BRIEF - Without including any pictures, write out all the entries exactly.

──────── ENTRIES PROVIDED ────────

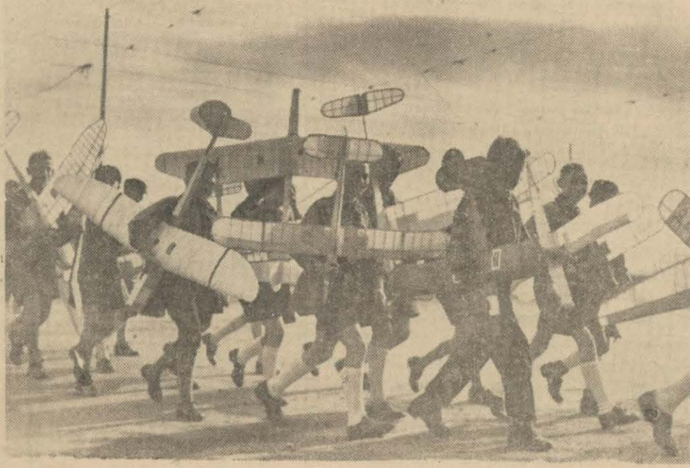
Başka memleketlerde havacılık: alman çocukları model tayyareleri uçuşmağa gidiyorlar

Posta şefi, amortisöre, pilotun öğrenmesi icab eden iniş vaziyetini hesap ederek halatları çekin emrini verdiğinden bu iniş hareketini takip ediyor ve sonra pilotun hatalarını ve iyi hareketlerini soruyor. Gençler hep bir arada,
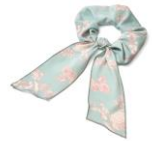
【商品名】フラワーバード リボンシュシュ 【種類】ピンク/グリーン 【価格】 ¥900
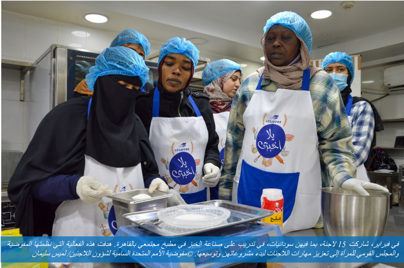
في فبراير، شاركت 15 لائحة، بما فيهن سودانيات، في تدريب على صناعة الخبز في مطبخ مجتمعي بالقاهرة. هدفت هذه الفعالية التي نظمتها المفوضية والمجلس القومي للمرأة إلى تعزيز مهارات اللاجئات لبدء مشروعاتهن وتوسيعها.

في 28 فبراير، عقدت المفوضية وجهاتها الشريكة أول جلسة للمشاركة المجتمعية في ذلك العام قبل إنشاء مكان فيصل الأمن في القاهرة الكبرى. وتعد منطقة فيصل جزءاً من القاهرة الكبرى وتحتوي على عدد كبير من اللاجئين السودانيين. قد حضرت الدورة 32 امرأة سودانية، جميعهن من الوافدات الجدد. وتعد جلسات المشاركة أحد المبادرات التي نفذها الفريق العامل الفرعي المعني بالعنف القائم على النوع الاجتماعي الذي يشترك في رئاسته صندوق الأمم المتحدة للسكان (UNFPA) ومفوضية الأمم المتحدة لشؤون اللاجئين. وفي إطار هذه الجلسة، قدمت المؤسسة المصرية لدعم اللاجئين، والتي تعد أحد الجهات الشريكة للمفوضية، لمحة عامة عن مختلف الإجراءات القانونية، بما تشمل أنواع مختلفة من الوثائق منها محاضر الشرطة، وسجلات المواليد، وإصدارات شهادة الزواج، والطلاق، وإجراءات الحضانة، والتعليمات التي ينبغي اتباعها في حالة الاعتقال لعدم توفر الوثائق، والإقامة، وما إذا كانت مواعيد التسجيل توفر الحماية القانونية من الاعتقال أو الاحتجاز. ثم جاء دور العيادة القانونية بعد الجلسة التوعوية حتى تقدم جلسات مشورة قانونية لـ 38 حالة فردية.
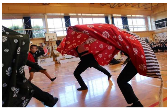
をの地舞う統の子文人供たである出田のい獅、子地域舞

ふるさとを愛する心やコミュニケーション能力を育むために、教科横断的な学習として、総合的な学習や土曜授業で地域の方と一緒に活動している。
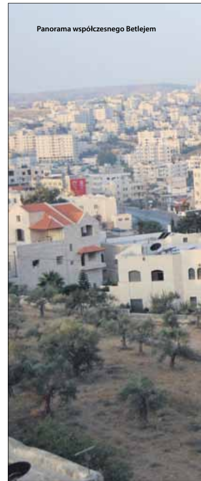
Panorama współczesnego Betlejem
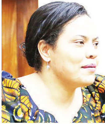
Waziri wa Maliasili na Utalii, Angellah Kairuki
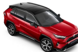
2SC Imperial Red/Attitude Black lakier specjalny bez dopłaty – GR SPORT
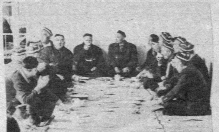
Дастурхон атрофида, бир паёла чой устида отагонлар суҳбатига мушарраф бўлишга не етсин.

Бир файласуфнинг қизи бор экан. Унга икки киши — бир бой ва бир камбағал совчи юборибди. Файласуф қизини камбағал йигитга берибди. Дўстлари ундан нега бундай қилдинг, деб сўрашса, шундай жавоб қилибди: — Давлатли йигитнинг эси пастроқ кўринади, ҳадемай мол-давлатидан ажралиб қолиши мумкин. Камбағал йигит эса зийрак ва эсли-хушли экан. Эси бор одамнинг сал вақтда бойиб кетишига ишонса бўлади. Тўпловчи: Ҳамид АБДУЛЛАЖОНОВ .
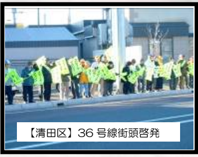
【清田区】36号線街頭啓発
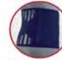
Lumbosacral Support MV 100

────────

WRITTEN RESPONSE -
Başka memleketlerde havacılık: alman çocukları model tayyareleri uçuşmağa gidiyorlar

Posta şefi, amortisöre, pilotun öğrenmesi icab eden iniş vaziyetini hesap ederek halatları çekin emrini verdiğinden bu iniş hareketini takip ediyor ve sonra pilotun hatalarını ve iyi hareketlerini soruyor. Gençler hep bir arada,
【商品名】フラワーバード リボンシュシュ 【種類】ピンク/グリーン 【価格】 ¥900
في فبراير، شاركت 15 لائحة، بما فيهن سودانيات، في تدريب على صناعة الخبز في مطبخ مجتمعي بالقاهرة. هدفت هذه الفعالية التي نظمتها المفوضية والمجلس القومي للمرأة إلى تعزيز مهارات اللاجئات لبدء مشروعاتهن وتوسيعها.

في 28 فبراير، عقدت المفوضية وجهاتها الشريكة أول جلسة للمشاركة المجتمعية في ذلك العام قبل إنشاء مكان فيصل الأمن في القاهرة الكبرى. وتعد منطقة فيصل جزءاً من القاهرة الكبرى وتحتوي على عدد كبير من اللاجئين السودانيين. قد حضرت الدورة 32 امرأة سودانية، جميعهن من الوافدات الجدد. وتعد جلسات المشاركة أحد المبادرات التي نفذها الفريق العامل الفرعي المعني بالعنف القائم على النوع الاجتماعي الذي يشترك في رئاسته صندوق الأمم المتحدة للسكان (UNFPA) ومفوضية الأمم المتحدة لشؤون اللاجئين. وفي إطار هذه الجلسة، قدمت المؤسسة المصرية لدعم اللاجئين، والتي تعد أحد الجهات الشريكة للمفوضية، لمحة عامة عن مختلف الإجراءات القانونية، بما تشمل أنواع مختلفة من الوثائق منها محاضر الشرطة، وسجلات المواليد، وإصدارات شهادة الزواج، والطلاق، وإجراءات الحضانة، والتعليمات التي ينبغي اتباعها في حالة الاعتقال لعدم توفر الوثائق، والإقامة، وما إذا كانت مواعيد التسجيل توفر الحماية القانونية من الاعتقال أو الاحتجاز. ثم جاء دور العيادة القانونية بعد الجلسة التوعوية حتى تقدم جلسات مشورة قانونية لـ 38 حالة فردية.
をの地舞う統の子文人供たである出田のい獅、子地域舞

ふるさとを愛する心やコミュニケーション能力を育むために、教科横断的な学習として、総合的な学習や土曜授業で地域の方と一緒に活動している。
Panorama współczesnego Betlejem
Waziri wa Maliasili na Utalii, Angellah Kairuki
2SC Imperial Red/Attitude Black lakier specjalny bez dopłaty – GR SPORT
Дастурхон атрофида, бир паёла чой устида отагонлар суҳбатига мушарраф бўлишга не етсин.

Бир файласуфнинг қизи бор экан. Унга икки киши — бир бой ва бир камбағал совчи юборибди. Файласуф қизини камбағал йигитга берибди. Дўстлари ундан нега бундай қилдинг, деб сўрашса, шундай жавоб қилибди: — Давлатли йигитнинг эси пастроқ кўринади, ҳадемай мол-давлатидан ажралиб қолиши мумкин. Камбағал йигит эса зийрак ва эсли-хушли экан. Эси бор одамнинг сал вақтда бойиб кетишига ишонса бўлади. Тўпловчи: Ҳамид АБДУЛЛАЖОНОВ .
【清田区】36号線街頭啓発
Lumbosacral Support MV 100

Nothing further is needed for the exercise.